Explicitly tell Claude how detailed you want the output:

# Token-saving approach
> Fix this bug. Only output the changed code, no explanations needed.
 
# Token-burning approach
> Help me fix this bug
# Claude will output: problem analysis + solution + full code + explanation + follow-up suggestions

A simple "no explanations needed" can reduce output tokens by 30-50%.


Session Management Strategies

Session management extends context optimization, but focuses more on "when to start a new session" and "how to split tasks."

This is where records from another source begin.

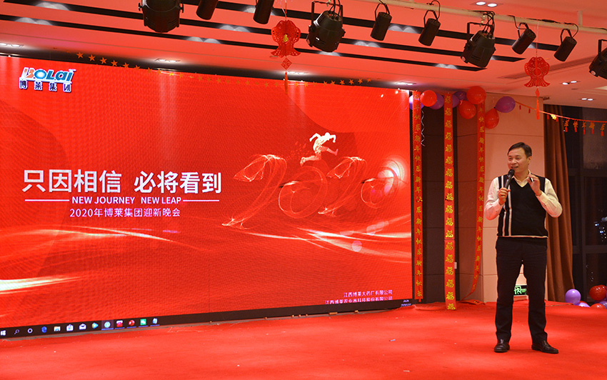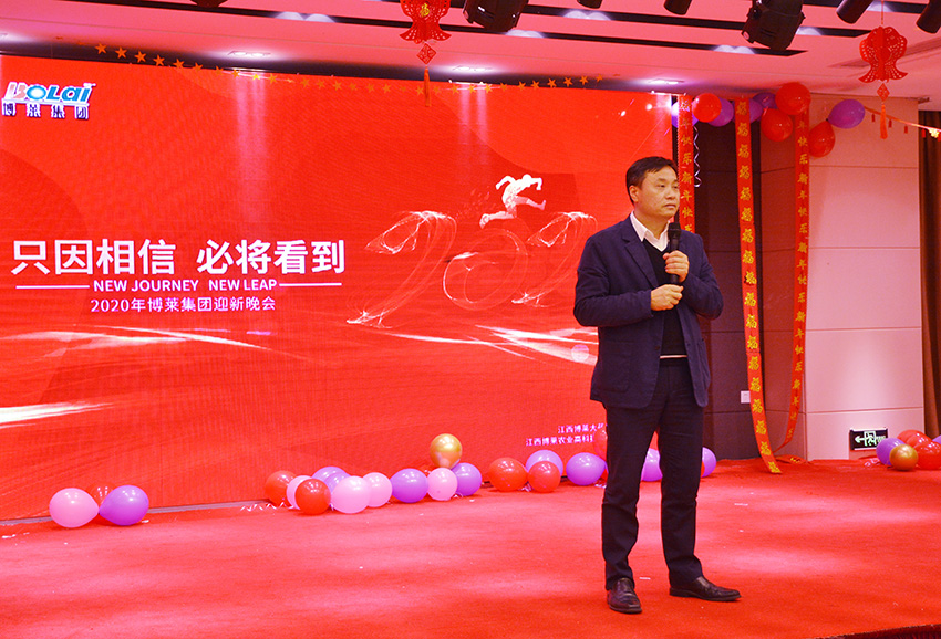 董事長(zhǎng)唐進(jìn)波致辭,他與大家一起總結(jié)了2019年在非洲豬瘟的影響下,行業(yè)發(fā)展的形式,對(duì)這一年員工辛勤的努力,給予了高度的肯定,也指出了不足。他還談到了2020年的發(fā)展方向和對(duì)博萊家人們的期望,并向全體員工和集團(tuán)伙伴,致以新年的問候和美好的祝愿。
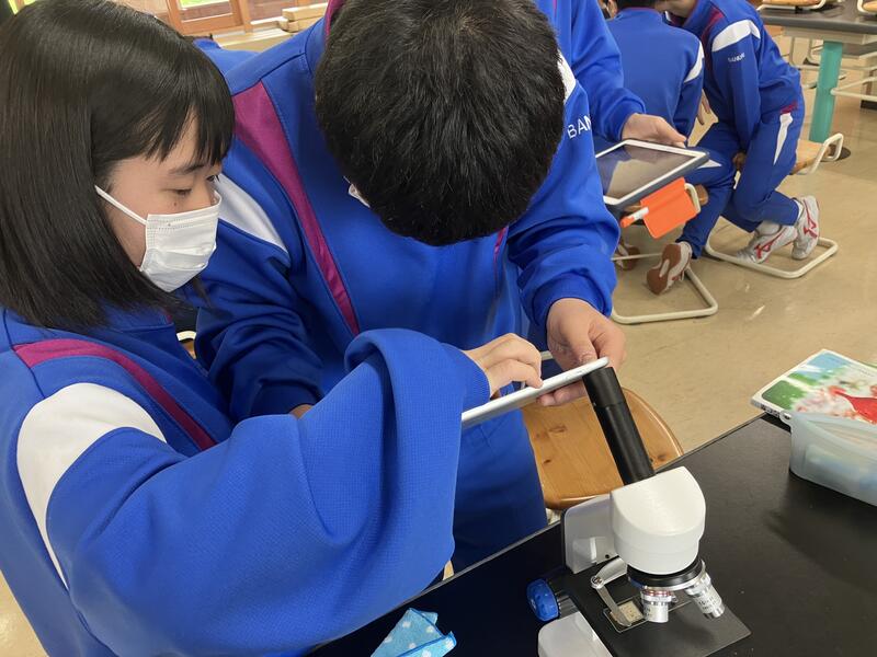 2023年6月1日 10時22分2年生の授業をのぞいてみると、顕微鏡の観察を行っていました。
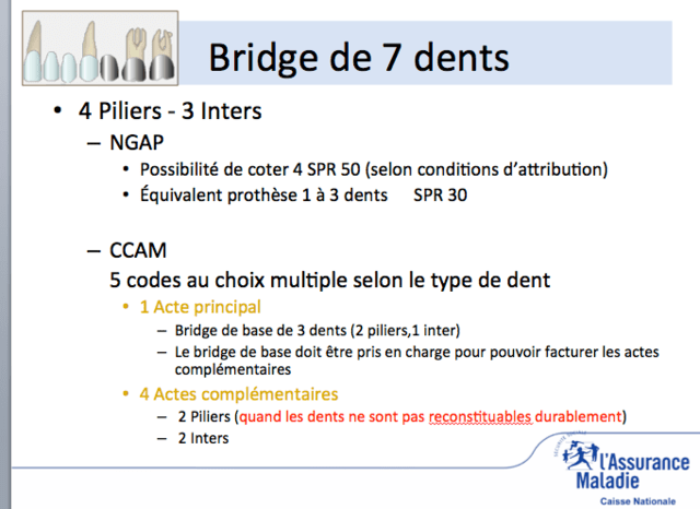Deuxième chose,le CD conseil ne connaissait pas les codes pour plus de 3 piliers de bridge! Genre ça n'existe pas ou la cpam n'a plus envie de rembourser les gros travaux, pour l'instant. Bon courage à ceux qui ont déjà commencé...
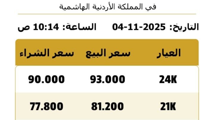 وبلغ سعر بيع غرام الذهب عيار 21 الأكثر تداولًا بين الأردنيين، 81.200 دينار للغرام، مقابل 77.800 دينار للشراء.
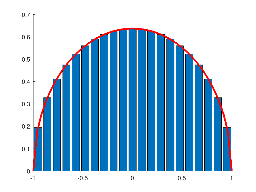 CHEBYSHEV2 is a test case for the PDF rho(x)=2*sqrt(1-x*x)/pi for x between -1 and +1.
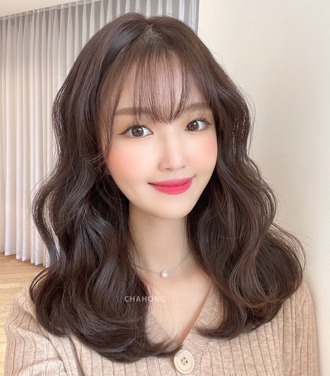 Má bánh bao mà bỏ qua kiểu tóc uốn xoăn sóng thì hơi phí vì đây là kiểu tóc chuẩn chỉnh giúp má trông thon nhỏ hơn, lại còn tăng vẻ mềm mại cho gương mặt. Những lọn tóc xoăn dễ thương không chỉ đem đến bạn vẻ ngọt ngào, quyến rũ đâu mà còn làm tóc trông tơi bồng tự nhiên, có độ dày nhất định, đồng thời cho cảm giác mặt tiền được "nịnh nọt" nên bé đi phần nào.
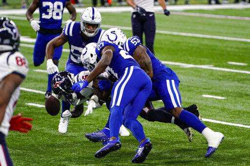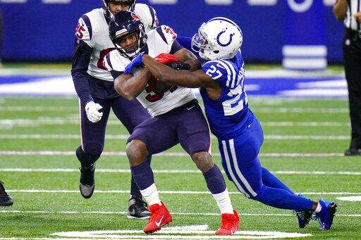 Houston Texans running back David Johnson (31) is tackled by Indianapolis Colts cornerback Xavier Rhodes (27) in the first half of an NFL football game in Indianapolis, Sunday, Dec. 20, 2020. (AP Photo/AJ Mast) The Associated Press
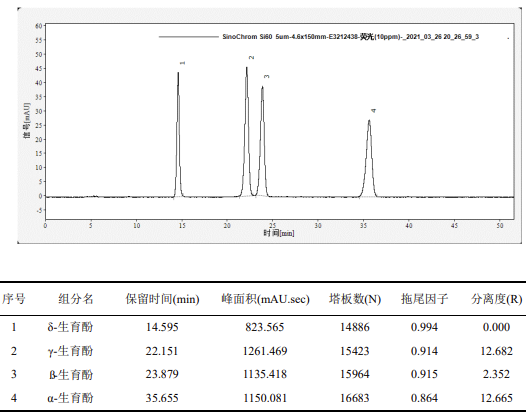 維生素 E 標(biāo)準(zhǔn)儲(chǔ)備溶液(1.000mg/mL):分別準(zhǔn)確稱(chēng)取 α- 生育酚、β- 生育酚、γ- 生育酚和 δ- 生育酚各 50.0mg,用無(wú)水乙醇溶解后,轉(zhuǎn)移入 50mL 容量瓶中,定容至刻度,此溶液濃度約為 1.00mg/mL。將溶液轉(zhuǎn)移至棕色試劑瓶中,密封后在 - 20℃下避光保存,有效期 6 個(gè)月。
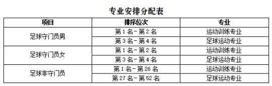 (五)運動訓練專業足球項目和足球運動專業錄取時,按綜合分排序,按照《專業安排分配表》先錄取運動訓練專業足球項目,再錄取足球運動專業。

Single Long Session vs Multiple Short Sessions

DimensionSingle Long SessionMultiple Short Sessions
Context continuityHigh (Claude remembers earlier discussion)Low (fresh start each time)
Token consumptionHigh (accumulates)Low (starts from zero each time)
Error recoveryHard (wrong assumptions persist)Easy (new session = clean state)
Best forContinuous development of a single complex taskMultiple independent tasks

Rule of thumb: If a task requires more than 15 conversation turns, consider splitting it into subtasks.

When to Start a New Session

  • Current task is done, moving to a new one
  • Claude starts "getting confused" (repeating previous mistakes, forgetting agreements)
  • Debugging is going in circles (same approach tried repeatedly)
  • You need a completely different approach
  • The session has exceeded 20 conversation turns

/resume Cost Considerations

/resume can restore a previous session, but keep in mind: the restored session loads a summary of the previous conversation, which itself consumes tokens.

# Good use of /resume
- Yesterday's task was half-done, continuing today
- Need previous architectural decisions as context
 
# Bad use of /resume
- The previous session was already very long (summary will be large too)
- New task is barely related to the previous session
- Previous session had lots of failed attempts

If the previous session was long, it's often cheaper to start a new session and manually copy over key decisions. Cleaner context, lower cost.

Subtask Splitting

Breaking large tasks into smaller ones, each in its own session, is one of the most effective cost control strategies:

# Bad: one session for the entire feature
> Implement a complete user auth system including registration, login,
> forgot password, email verification, OAuth, permission management...
# Session will be extremely long, per-turn cost skyrockets toward the end

# Good: split into independent sessions
Session 1: Design the auth system data model and API interfaces (output a design doc)
/clear
Session 2: Implement registration and login APIs
/clear
Session 3: Implement forgot password and email verification
/clear
Session 4: Implement OAuth integration
/clear
Session 5: Implement permission management
# Each session starts from a clean state, total cost is lower

The key technique: have the first session output a design document or plan, then feed that document as input to subsequent sessions. This maintains coherence while avoiding context accumulation.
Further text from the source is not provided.